今回のお話は多少センシティブな場面が多々ございますご注意ください、
それでは最新話どうぞ
夏休みが中頃と言うところで俺は雫に連行され…もといショッピングモールに来ていた。
ショッピングモールに併設された良い雰囲気のカフェへと来たのだが…。
なぜか、目の前に座る雫が無表情ではあるが明らかな不機嫌な表情になっていた。
膨れた頬を突っつきたい衝動に駆られたがそれをやったら《フォノンメーザー》が飛んできそう立ったので自重した。

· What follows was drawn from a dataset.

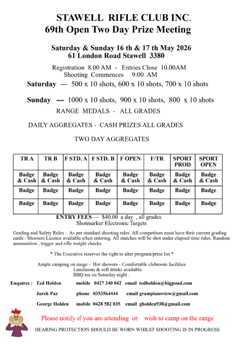 - STAWELL RIFLE CLUB - 69th Open Two Day Prize Meeting (2)
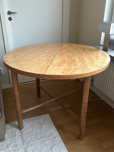 Runt matbord med iläggsskiva

事の発端は何気無しに誕生日の話題になり雫から「八幡は誕生日いつなの?」と聞かれた時に「確か…8月8日だったかな…」と告げると現在に至るわけだ。
「八幡どうして誕生日教えてくれなかったの?」
声に若干の怒りと困惑を含み俺に言ってきた。今日は既に誕生日から二週間以上が経過していた。
いや、そんなことを突然言われても困るんだが…
「いや、聞かれなかったし…。」
「聞かれなかったら答えなくてもいいの?」
いや、めっちゃ理不尽だろそれ…てかお母さんなの?
「いや必要無いだろう…そもそも聞いてどうするんだ?『誕生日』なんか別に特別じゃないだろ。」
俺が雫にそういうと聞き返す。
「どう言うこと?」
「あ?」
「『特別じゃない』って…。」
「言葉の通りのまんまだけど?俺はガキの頃から両親に誕生日を祝って貰ったことなんて無いんだよな。そもそも俺は家にいても小町以外から居ない扱いで長期休暇だと家族は旅行に行って置いてきぼりなんてザラにあったな…流石に生活費一週間程度あったから二桁に満たないときから自炊もしてたから不憫でもなかった…っておい!なんで泣いているんだ雫?」
「…ぐすっ、えっぐ…。」
俺が誕生日についての持論を雫に伝えると何故か号泣してハンカチを濡らしていた。
「あのさ…泣き止んでくれないか…何で泣いているのか理解できないんだけど…。」
「八幡が泣かないから…ぐすっ…私が代わりに泣いてるの…えっぐ…」
雫が泣くもんだからカフェに居る店員やらお客やらからの視線が集中していた。
「なんだなんだ?」
「隣に居る男が泣かしたのか?」
「告白振られたんじゃ…」
(好き勝手言ってくれやがって…。)
好き勝手言ってくれてる店員や客に対して威圧感をぶつけるとサッと視線を素早く逸らしてくれた。
泣いている雫の隣に座り背中を擦ると落ち着いて嗚咽は聞こえなくなった。
「落ち着いたか?」
声を掛けると雫は無言で頷いた後に俺に向き直った。
何時ものような無表情ではなく若干の憂いをみせて目が赤く腫れぼってしまっていた。
「うん…ぐすっ…決めた…。」
決めた…と呟いて雫は端末を取りだし何処かへと連絡を始めていた。
嫌な予感がしたがとりあえず待つこと数分。
衝撃な一言が雫から告げられた。
「明後日に私のウチお父さんの主催のホームパーティやるからやるから来て?」
「はい?」
「あ、八幡欲しいものある?」
「欲しいもの?そうだな…休み?」
「なにそのOLの願い事みたいなの…じゃなくて物にして?」
ふと、俺の脳内に思い付いたものを呟いていた。
「そうだな…「刀」が欲しいかな…」
「刀…?」
「スマン、冗談だ。そうだな…」
「…?」
「強いて言うなら…「信頼」かな。」
重ねて冗談を言ったらさらに雫は真面目な表情になって頷いた。
「!…わかった。八幡、明後日のお昼過ぎに迎えに行くから。」
「拒否権は…。」
「来て。」
その二文字の重さよ…俺はここで「行かない」を選択しないを選ばないと言うことは少なからず何かをきたいしているのだろう。
全くもってアホらしいとは思うが。
「無いよな…わーったよ…。」
俺は降参のポーズを取って参加の意思表示を示した。
その姿をみて雫が微笑んでいたのが何故だったのかわからないがタダ飯を食うことが出きるのならご相伴に預かろうではないか。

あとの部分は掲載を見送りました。